Exercise directions
Pictures should be left out while the data beneath this task is written out word for word.

Dataset section
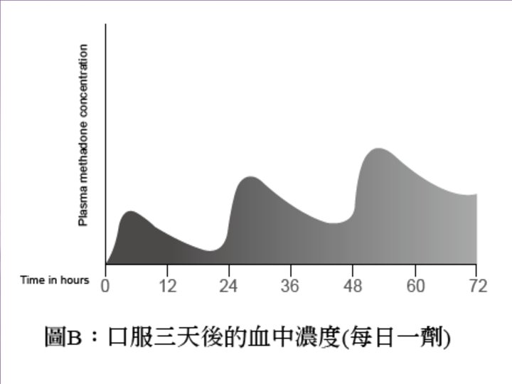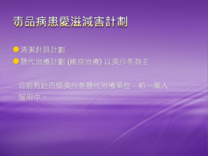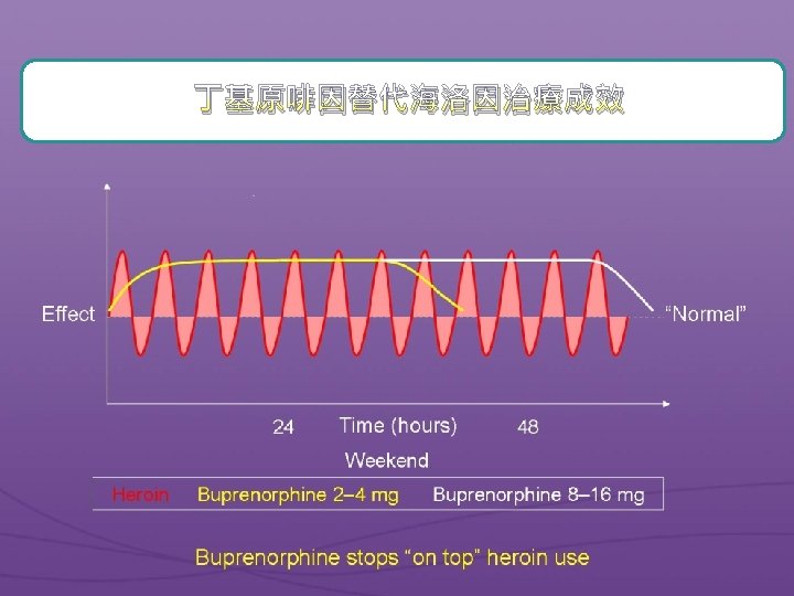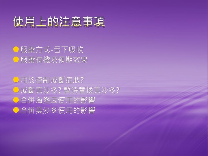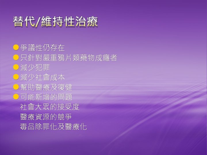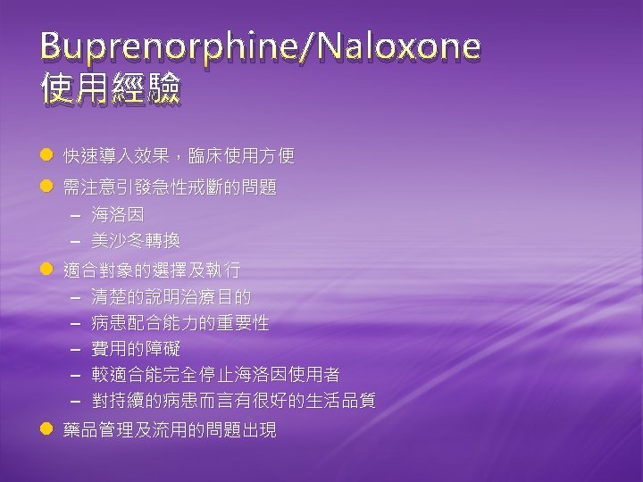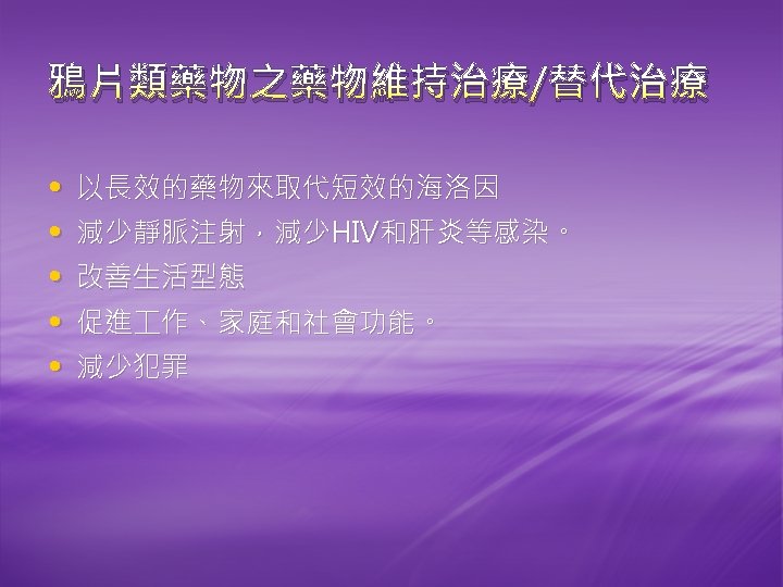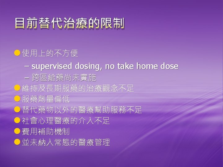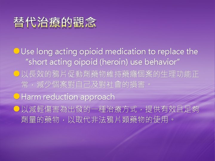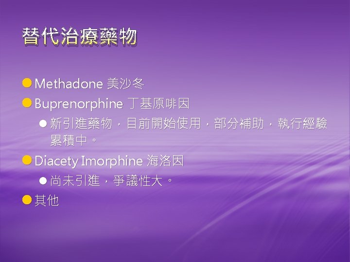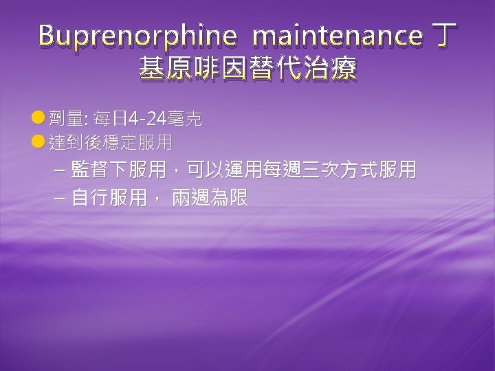 美沙冬替代治療 l 使用劑量dosage 維持劑量 maintenance dose 60 -120 mg/day ? ? plasma level: 150 -200 ng/ml l 使用方式 route 口服 oral 每日監督下給藥 supervised dosing l 使用期間 duration of treatment 維持性,長期使用 ** maintenance use
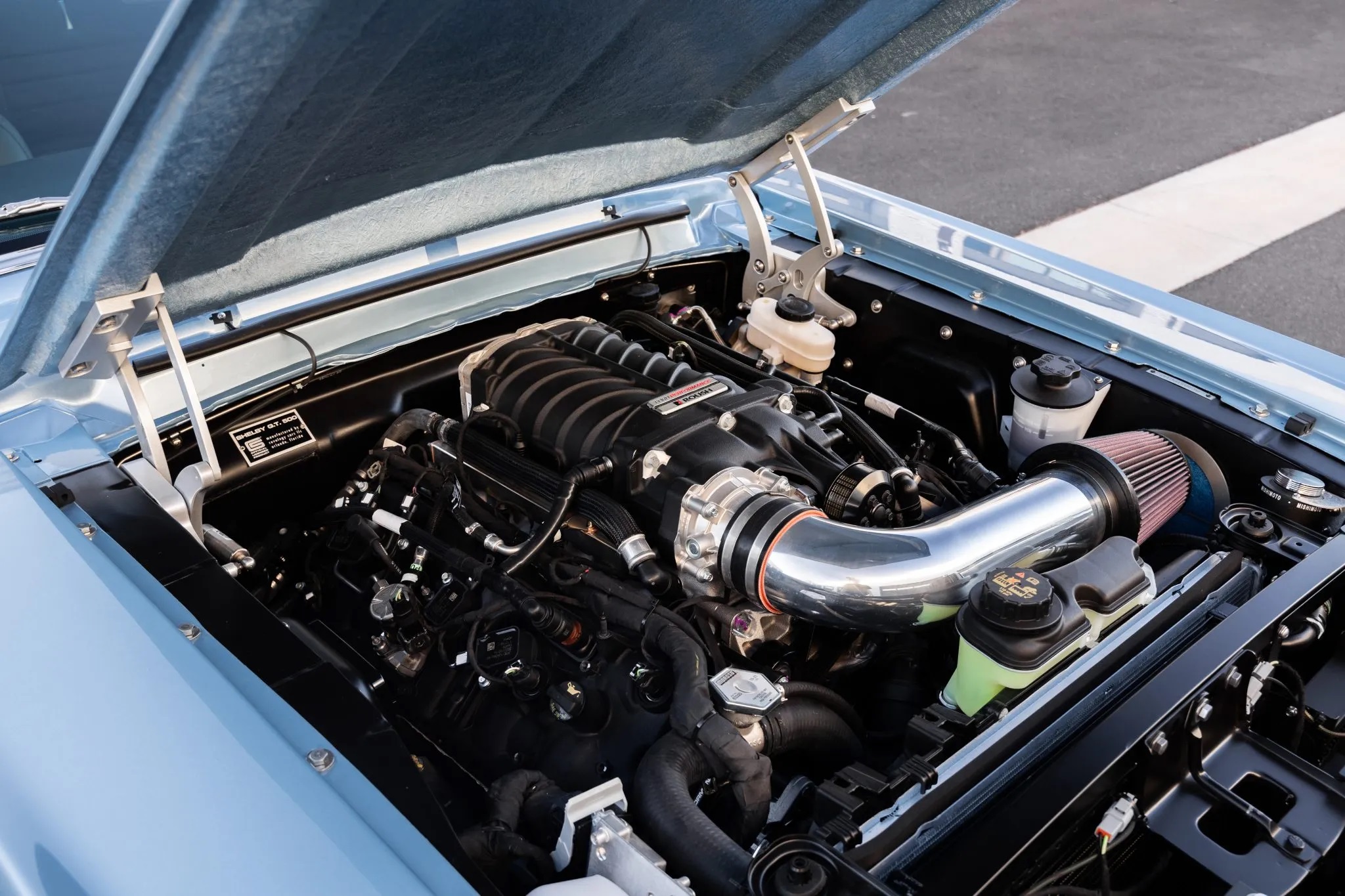 Power comes from a supercharged 5.0-liter Roush Performance Coyote V8, delivering 710 horsepower and 610 lb-ft of torque. It is paired with a Tremec six-speed manual transmission, a carbon-fiber driveshaft, and an 8.8-inch limited-slip rear differential.
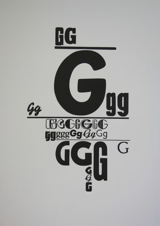 Restricting the specimens to 18 point and above, she began with A, working alphabetically through to Z. The resulting suite of prints, each capturing a single letter in various forms, offers a visual rather than a linear logic. Each letter, and subsequently each font, is removed from its taxonomic register - detached from its own internal logic. The suite, and individual prints, are unconcerned with dating, naming or contextualizing each font, but attempt to graphically present them as visual forms. Aside from the logic of having a specific letter of the alphabet on each print, each composition was dictated by the type - how the variety of forms and characteristics could fit together - piece by piece like a puzzle. Each print contains both differing and recurring typefaces, with the same fonts emerging at regular intervals. The result is a suite of type specimens from A to Z.

Exercise response
 美沙冬替代治療 l 使用劑量dosage 維持劑量 maintenance dose 60 -120 mg/day ? ? plasma level: 150 -200 ng/ml l 使用方式 route 口服 oral 每日監督下給藥 supervised dosing l 使用期間 duration of treatment 維持性,長期使用 ** maintenance use
 Power comes from a supercharged 5.0-liter Roush Performance Coyote V8, delivering 710 horsepower and 610 lb-ft of torque. It is paired with a Tremec six-speed manual transmission, a carbon-fiber driveshaft, and an 8.8-inch limited-slip rear differential.
 Restricting the specimens to 18 point and above, she began with A, working alphabetically through to Z. The resulting suite of prints, each capturing a single letter in various forms, offers a visual rather than a linear logic. Each letter, and subsequently each font, is removed from its taxonomic register - detached from its own internal logic. The suite, and individual prints, are unconcerned with dating, naming or contextualizing each font, but attempt to graphically present them as visual forms. Aside from the logic of having a specific letter of the alphabet on each print, each composition was dictated by the type - how the variety of forms and characteristics could fit together - piece by piece like a puzzle. Each print contains both differing and recurring typefaces, with the same fonts emerging at regular intervals. The result is a suite of type specimens from A to Z.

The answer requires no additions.